Example Background Tasks:

// Run nightly
async function buildSemanticClusters() {
  const messages = await getRecentMessages(1000);
  const clusters = await clusterBySimilarity(messages, 0.85);

  for (const cluster of clusters) {
    await createTopicNode(cluster);
  }
}

// Run weekly
async function optimizeVectorIndex() {
  await neo4j.run(`
    CALL db.index.vector.queryNodes(
      'message_embeddings', 
      10, 
      $embedding
    ) YIELD node, score
    // Analyze query patterns and optimize
  `);
}

These background processes are implementation-specific and should be tailored to usage patterns and scale.

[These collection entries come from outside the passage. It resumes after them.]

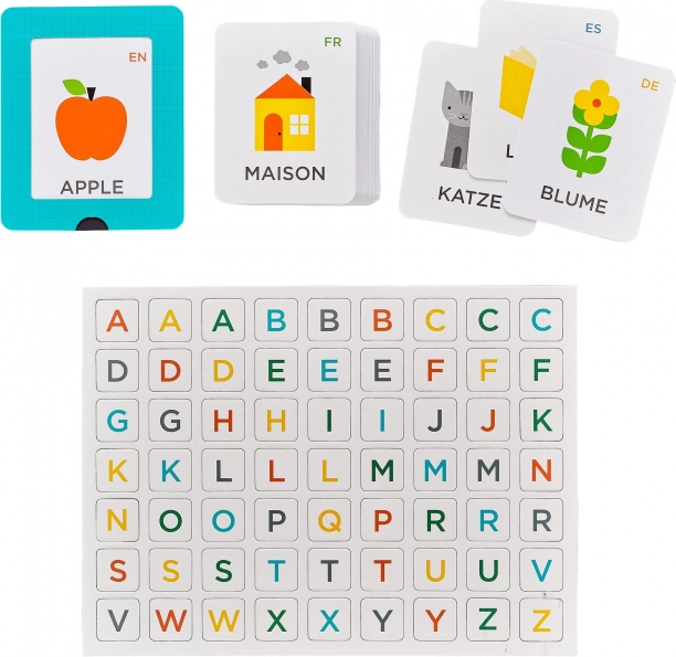 Objavte hravé učenie abecedy s viacjazyčným setom od Petit Collage. Deti sa zoznámia s písmenami a základnou slovnou zásobou v angličtine, nemčine, španielčine a francúzštine, a to vďaka prehľadným kartám a magnetickým písmenám, ktoré možno ľahko skladať a opakovane používať.
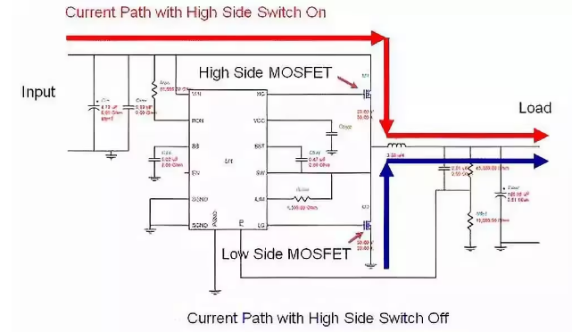 2) 占空比 (低侧FET,下管) = 1 – DC (高侧FET)
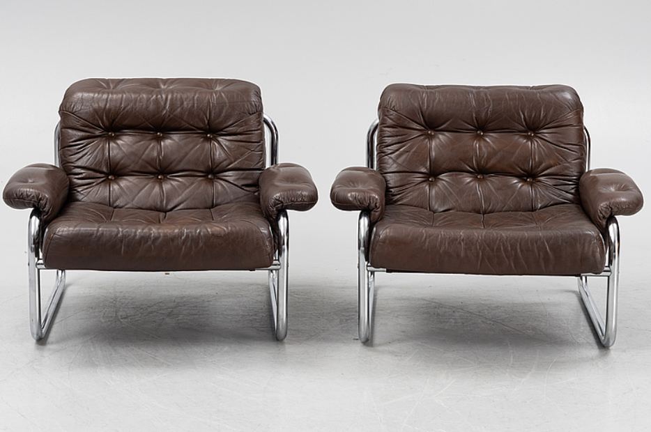 Fauteuils scandinaves en cuir deJohn Bertil Haggström
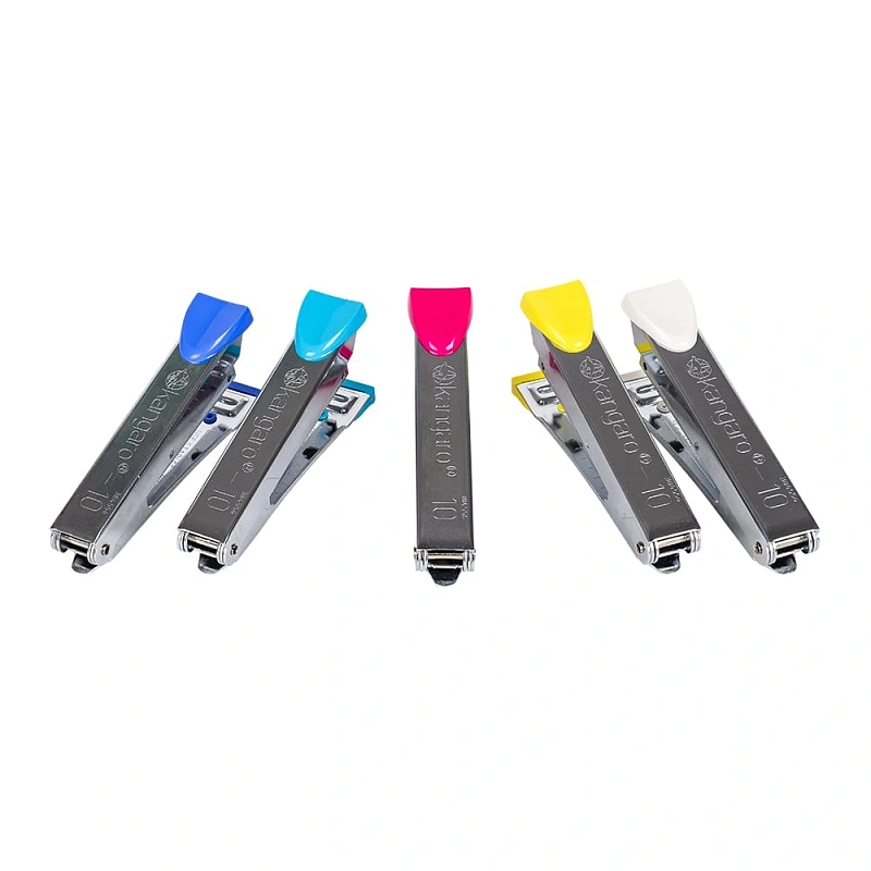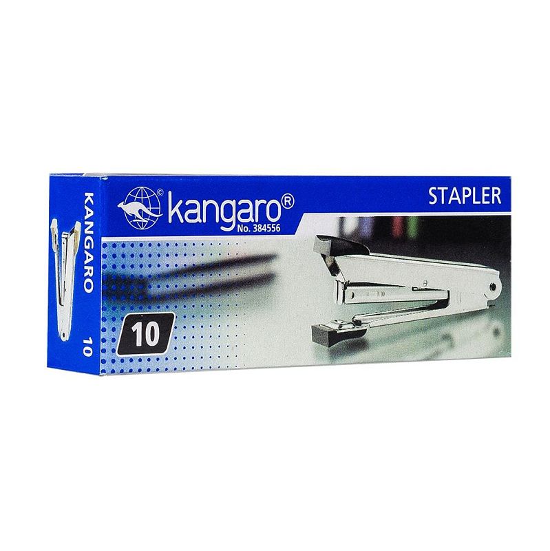 Скобосшиватель Kangaro No.10 изготовлен из металла, пластиковый держатель обеспечивает комфортный степлинг. Степлер раскрывается на 180 градусов, что позволяет использовать его для крепления документов к офисным доскам.

8. Performance Considerations

8.1 Bottlenecks

Component Bottleneck Mitigation
Storage Embedding size (6KB/msg) Compression, dimensionality reduction
Search Vector similarity computation Approximate nearest neighbors (ANN)
Index Token presentation limit Adaptive strategies, clustering, chunking
Retrieval Sequential tool calls Batch retrieval, predictive loading
Chunking Embedding generation overhead Batch processing, async workflows

8.2 Scaling Characteristics

  • Storage: O(n) - Linear with message count
  • Vector Search: O(log n) with proper indexing
  • Index Building: O(k) where k = result count
  • Context Window Usage: O(1) - Constant regardless of history length
  • Chunking: O(n/c) where c = chunk size (reduces memory per retrieval)

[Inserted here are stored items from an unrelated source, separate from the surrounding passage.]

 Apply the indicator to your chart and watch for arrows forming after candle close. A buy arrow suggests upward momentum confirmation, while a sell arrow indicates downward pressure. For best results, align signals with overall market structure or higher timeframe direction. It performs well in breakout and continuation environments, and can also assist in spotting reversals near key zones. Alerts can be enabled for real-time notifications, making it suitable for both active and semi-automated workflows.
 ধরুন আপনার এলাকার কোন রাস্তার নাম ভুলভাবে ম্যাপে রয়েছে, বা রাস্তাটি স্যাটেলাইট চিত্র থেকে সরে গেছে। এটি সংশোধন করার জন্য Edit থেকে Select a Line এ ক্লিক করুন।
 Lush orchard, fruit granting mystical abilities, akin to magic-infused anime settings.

8.3 Optimization Strategies

  1. Hierarchical Clustering: Pre-compute message clusters during quiet periods
  2. Embedding Cache: Cache embeddings for frequently accessed messages
  3. Progressive Loading: Start with minimal context, expand as needed
  4. Temporal Partitioning: Separate hot (recent) and cold (old) storage
  5. Chunk-Aware Retrieval: Load only relevant chunks instead of full messages
  6. Tool Call Indexing: Separately searchable tool results for debugging/analysis

Example Usage

TypeScript/Node.js

import { InfiniteChatStorage } from "./infinite-chat";

const chat = new InfiniteChatStorage({
  neo4jUri: process.env.NEO4J_URI,
  neo4jAuth: {
    user: process.env.NEO4J_USER,
    password: process.env.NEO4J_PASSWORD,
  },
  openaiKey: process.env.OPENAI_API_KEY,
  indexConfig: {
    snippetLength: 100,
    maxIndexTokens: 10000,
    recentWindowSize: 10,
    chunkThreshold: 4000,
    includeToolCalls: true,
  },
});

// Store a message (automatically chunks if needed)
const messageId = await chat.storeMessage(
  "What's our API authentication strategy?",
  "user",
  parentId
);

// Store a tool call with result (automatically chunks if needed)
const toolCallId = await chat.storeToolCall(
  "web_search",
  { query: "OAuth2 best practices" },
  largeSearchResult,
  messageId
);

// Prepare context for LLM
const context = await chat.prepareContext(
  "Tell me about our authentication decisions"
);

// Retrieve specific message with all chunks
const message = await chat.getMessageWithChunks(messageId);

Python

from infinite_chat import InfiniteChatStorage

chat = InfiniteChatStorage(
    neo4j_uri="bolt://localhost:7687",
    neo4j_auth=("neo4j", "password"),
    openai_key=os.getenv("OPENAI_API_KEY"),
    index_config={
        "snippet_length": 100,
        "max_index_tokens": 10000,
        "recent_window_size": 10,
        "chunk_threshold": 4000,
        "include_tool_calls": True
    }
)

# Store a message (automatically chunks if needed)
message_id = await chat.store_message(
    content="What's our API authentication strategy?",
    role='user',
    parent_id=parent_id
)

# Store a tool call with result
tool_call_id = await chat.store_tool_call(
    tool_name='web_search',
    arguments={'query': 'OAuth2 best practices'},
    result=large_search_result,
    message_id=message_id
)

# Prepare context for LLM
context = await chat.prepare_context(
    "Tell me about our authentication decisions"
)

# Retrieve specific message with all chunks
message = await chat.get_message_with_chunks(message_id)

Contributing

This is an open specification. Contributions, implementations, and improvements are welcome. Please submit issues and pull requests to the repository.

License

MIT License - See LICENSE file for details.